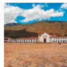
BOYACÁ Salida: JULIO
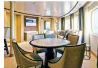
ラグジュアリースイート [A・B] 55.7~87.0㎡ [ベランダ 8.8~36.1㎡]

...

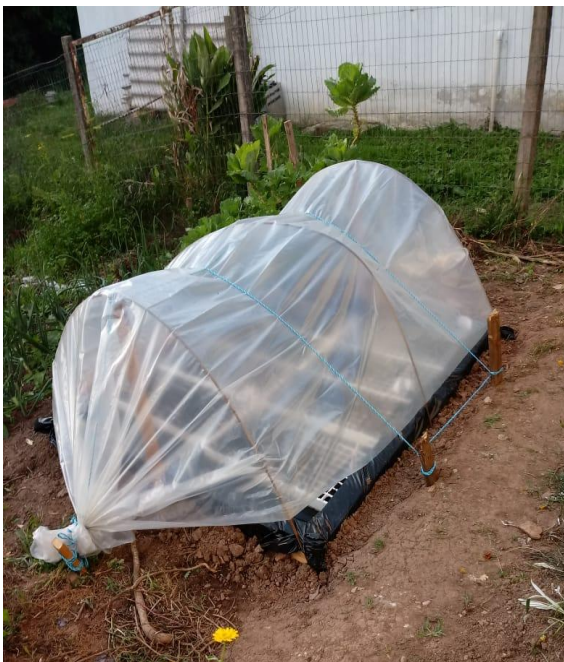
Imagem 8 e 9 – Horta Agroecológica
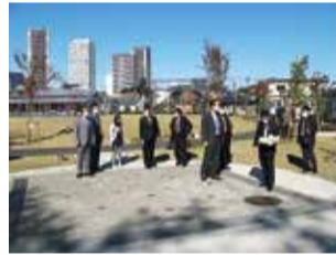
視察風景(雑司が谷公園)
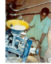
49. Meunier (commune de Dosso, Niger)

* **Task item**
Out of the records above, return only the lines from the one with "Imagem 8 e 9 – Horta Agroecológica" through the one with "49. Meunier (commune de Dosso, Niger)", exactly, and none of the pictures.

* **Result of the task**
Imagem 8 e 9 – Horta Agroecológica
視察風景(雑司が谷公園)
49. Meunier (commune de Dosso, Niger)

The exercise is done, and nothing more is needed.